> [EXERCISE OBJECTIVE]: An exact retyping of all lines below is the answer; pictures do not belong in it.

> [AVAILABLE DATA]:

++++++

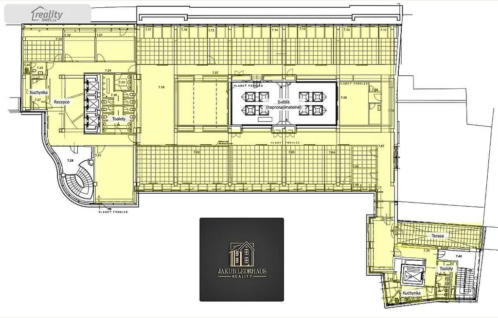 Lze propojit s kancelářemi v 5. patře (974 m²) a získat tak až 1 951 m² kancelářských ploch.
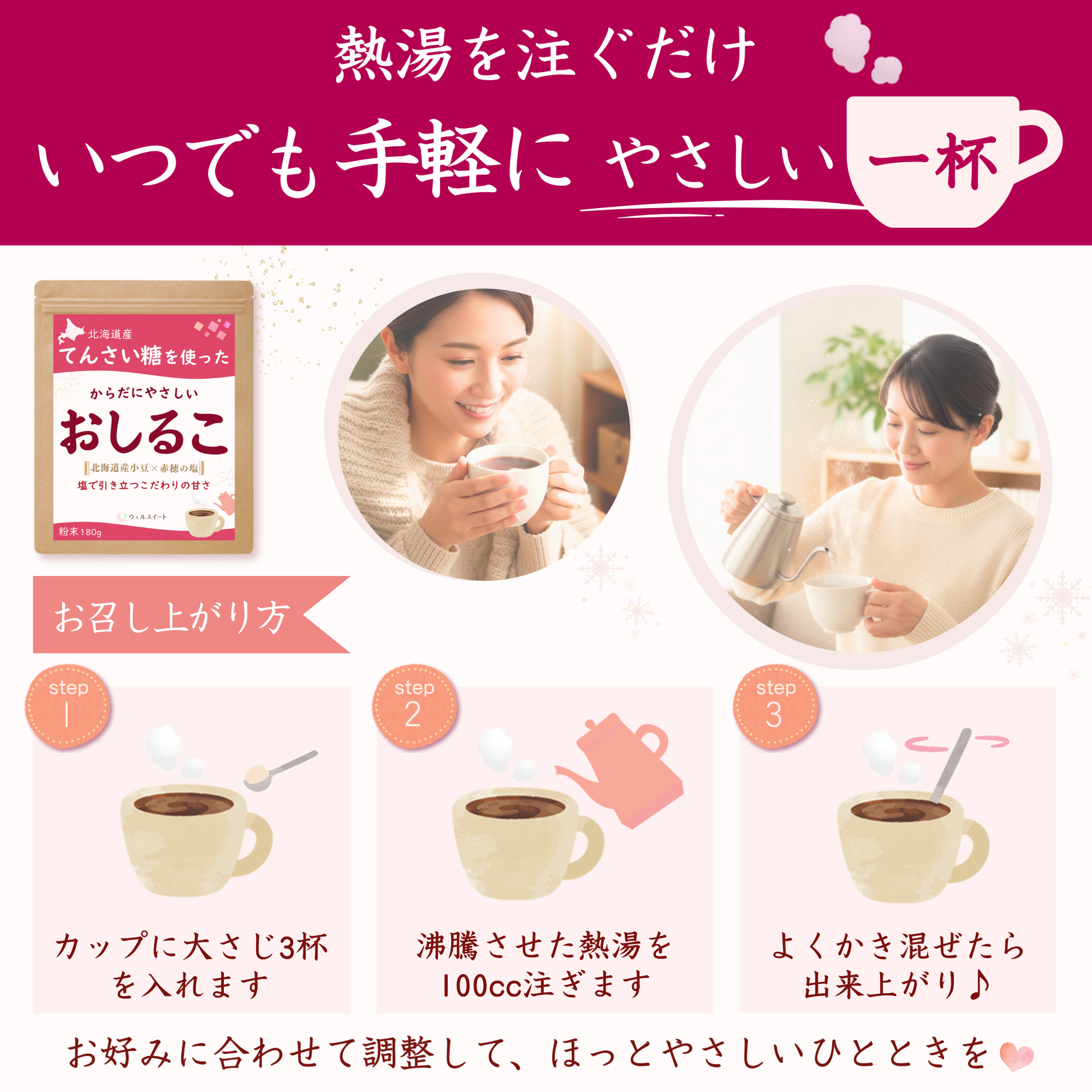 ウェルスイート おしるこ 粉末 てんさい糖×北海道小豆 赤穂の塩で引き立つやさしい甘さ お汁粉 180g
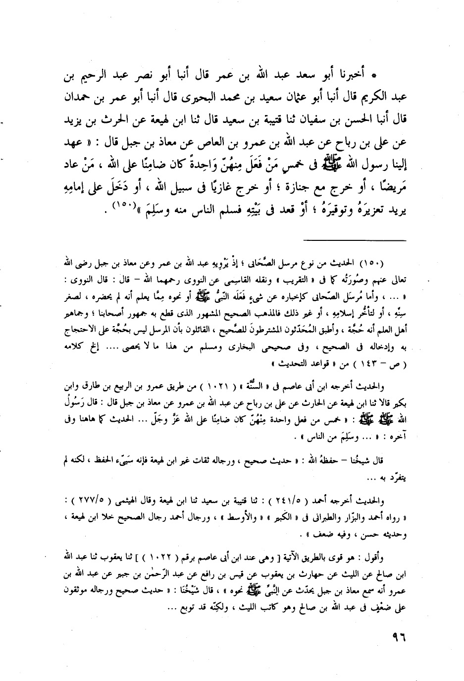 أخبرنا أبو سعد عبد الله بن عمر، قال: أنبا أبو نصر عبد الرحيم بن عبد الكريم، قال: أنبا أبو عثمان سعيد بن محمد البحيري، قال: أنبا أبو عمر بن حمدان، قال: أنبا الحسن بن سفيان، ثنا قتيبة بن سعيد، قال: ثنا ابن لهيعة، عن الحرث بن يزيد، عن علي بن رباح، عن عبد الله بن عمرو بن العاص، عن معاذ بن جبل قال: " عهد إلينا رسول الله صلى الله عليه وسلم في خمس: من فعل منهن واحدة كان ضامنا على الله، من عاد مريضا، أو خرج مع جنازة؛ أو خرج غازيا في سبيل الله، أو دخل على إمامه يريد تعزيره وتوقيره؛ أو قعد في بيته فسلم الناس منه وسلم ".

++++++

> [RESULT FOR THIS TASK]:
 Lze propojit s kancelářemi v 5. patře (974 m²) a získat tak až 1 951 m² kancelářských ploch.
 ウェルスイート おしるこ 粉末 てんさい糖×北海道小豆 赤穂の塩で引き立つやさしい甘さ お汁粉 180g
 أخبرنا أبو سعد عبد الله بن عمر، قال: أنبا أبو نصر عبد الرحيم بن عبد الكريم، قال: أنبا أبو عثمان سعيد بن محمد البحيري، قال: أنبا أبو عمر بن حمدان، قال: أنبا الحسن بن سفيان، ثنا قتيبة بن سعيد، قال: ثنا ابن لهيعة، عن الحرث بن يزيد، عن علي بن رباح، عن عبد الله بن عمرو بن العاص، عن معاذ بن جبل قال: " عهد إلينا رسول الله صلى الله عليه وسلم في خمس: من فعل منهن واحدة كان ضامنا على الله، من عاد مريضا، أو خرج مع جنازة؛ أو خرج غازيا في سبيل الله، أو دخل على إمامه يريد تعزيره وتوقيره؛ أو قعد في بيته فسلم الناس منه وسلم ".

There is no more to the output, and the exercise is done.